How to encrypt files in the cloud

Online data privacy has long been a common topic of discussion in fields that deal with information technology (IT). As data continues its comprehensive transition from analog to digital, it opens up the door to many conveniences and some incredible benefits. But it also makes companies more vulnerable to the risk of cybercrime. 

Online data and cybercrime are always going to be closely related topics. The good news is that tools exist for you to keep your company's data secure. Keep unwanted eyes from your sensitive data using the power of cloud storage encryption (CSP). While this method is not guaranteed to protect your data against every threat, it's a valuable risk-mitigation technique for companies with cloud data.

Where should data be encrypted? - Data in transit, data at rest

What is cloud encryption?

Cloud encryption is a form of file encryption that combines file privacy with the capabilities of cloud technology. Specifically, it's the process of transforming or encoding any type of data before it enters cloud storage. Encrypted data can be a file, a text document, an image, or even a code.

The point is to stop malicious or unauthorized users from accessing this data. Cloud data encryption is a crucial means for ensuring data is safe from being stolen, breached, or read by an unauthorized person with malicious motivation. 

Cloud storage providers use file encryption tools to ensure secure file sharing for authorized users. They do this by transforming data into an unreadable form and providing authorized users with encryption keys. Users decrypt the data they want to access with the encryption keys, successfully returning the data to a readable, usable form.

Which files do you need to encrypt? Encrypted data exists in one of the following two states:

1. Data in transit

This is data that a user is transmitting from one place to another. You can describe it as data that is “in motion.”

It's important to understand that this form of data encompasses more than a simple file transfer between two parties. Moving data through the cloud puts it in contact with multiple parties, which is one reason encryption is so critical for data in transit.

2. Data at rest

Data at rest exists in a saved state. This means neither software nor human users  are using the data or transferring it to another party. Data at rest can exist in system folders, database servers, flash drives, local hard drives, mobile devices, or any other type of storage system. 

Cloud encryption protects data that's either in transit or at rest within any cloud-based application

How does encryption work in the cloud?

Cloud encryption uses advanced algorithms to encode data. The encoded data appears meaningless to anyone who lacks the encryption key. Authorized users who hold the key can easily make the encrypted data readable again.

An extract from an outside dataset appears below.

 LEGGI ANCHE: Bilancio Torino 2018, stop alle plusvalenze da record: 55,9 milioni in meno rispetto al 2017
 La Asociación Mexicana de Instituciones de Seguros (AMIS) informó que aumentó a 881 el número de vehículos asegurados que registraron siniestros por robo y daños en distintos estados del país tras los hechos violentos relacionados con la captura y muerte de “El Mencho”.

However, these keys only exist after being generated in-house or by a trusted cloud encryption provider. Once authorized individuals or groups have these keys, they can access the data through the cloud from anywhere with an adequate internet connection.

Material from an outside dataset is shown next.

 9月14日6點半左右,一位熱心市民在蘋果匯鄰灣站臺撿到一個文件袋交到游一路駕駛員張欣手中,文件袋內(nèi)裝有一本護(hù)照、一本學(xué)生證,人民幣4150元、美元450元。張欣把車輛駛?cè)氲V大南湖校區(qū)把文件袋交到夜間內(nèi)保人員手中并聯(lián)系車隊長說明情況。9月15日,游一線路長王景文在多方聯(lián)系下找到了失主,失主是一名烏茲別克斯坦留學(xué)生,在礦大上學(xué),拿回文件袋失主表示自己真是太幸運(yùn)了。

The purpose of cloud storage encryption is to protect the data that's either in transit or at rest within any cloud-based application. Encrypting data at rest makes the content useless to users even if it's stolen, lost, or accidentally shared with the wrong person. Even after a mistaken share, the recipient would lack the proper keycode and be unable to use the content, keeping the data protected.

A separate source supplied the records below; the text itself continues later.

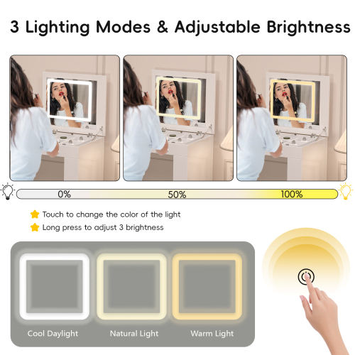 Tocador con Espejo LED e Iluminación, con Compartimentos Plegables Abatibles, Estantes Ajustables y Tapa de Cristal para Dormitorio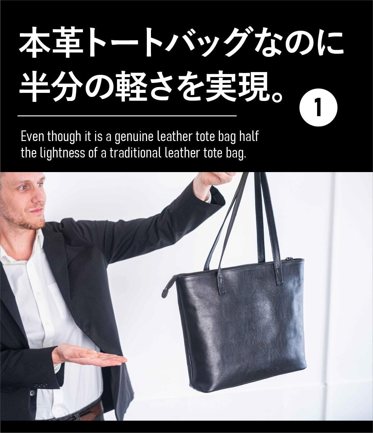 高級感あふれる見た目からは想像できないほどの軽さを実現。重たい本革トートバッグはもう過去のもの。新時代の本革トートは見た目の重厚感と軽さを兼ね備えたギャップ感あふれるプロダクト。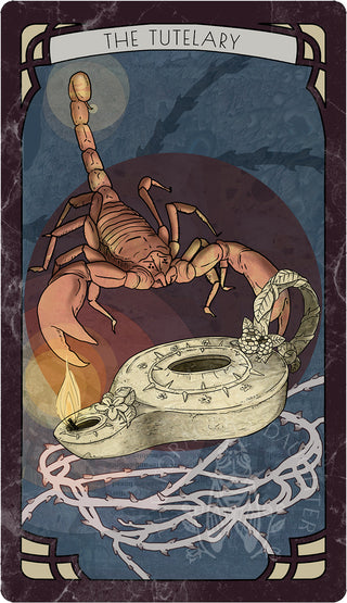 A scorpion poised to strike waits amidst a backdrop of shadow, warding off predators and usurpers that would dare cross into her territory. A clay lamp, encircled by a snare of thorns, illuminates her while casting away the darkness.

Encrypting data in transit adds a security sockets layer (SSL) to the moving files. If an unauthorized user intercepts the moving data, it'll appear useless to them. The SSL also encrypts session activity, which makes it virtually impossible for someone without the encryption key code to view your session details.

It's important to know how to encrypt cloud storage files to protect your valuable data. Here are two encryption algorithms used for data stored, shared, or being used in the cloud:

1. Symmetric encryption

In symmetric encryption algorithms, both the decryption and the encryption keys are the same. People use symmetric encryption to protect bulk data. This allows fast encryption and decryption, but it's a bit less secure than asymmetric encryption because anyone with the encryption key can access and read the data.

2. Asymmetric encryption

An asymmetric encryption algorithm uses two keys to encode and decode the data in the cloud. One of these keys is public, and the other is a private authentication token. The keys are linked, but each serves a different purpose.

A group of authorized individuals may have the public encryption key, but each individual person has their own authentication token needed to access the data.

The types of keys used depend on whether encryption is symmetric or asymmetric

What is an encryption key?

If encryption is a form of data security that changes programs, data, images, and other digital information to an unreadable state, an encryption key is the way authorized users return the data to a readable state.

Without the encryption key, the data remains unreadable. The algorithm used determines the keys needed to access the data. Symmetric encryption only requires one key, while asymmetric encryption requires a public key and a personal key. 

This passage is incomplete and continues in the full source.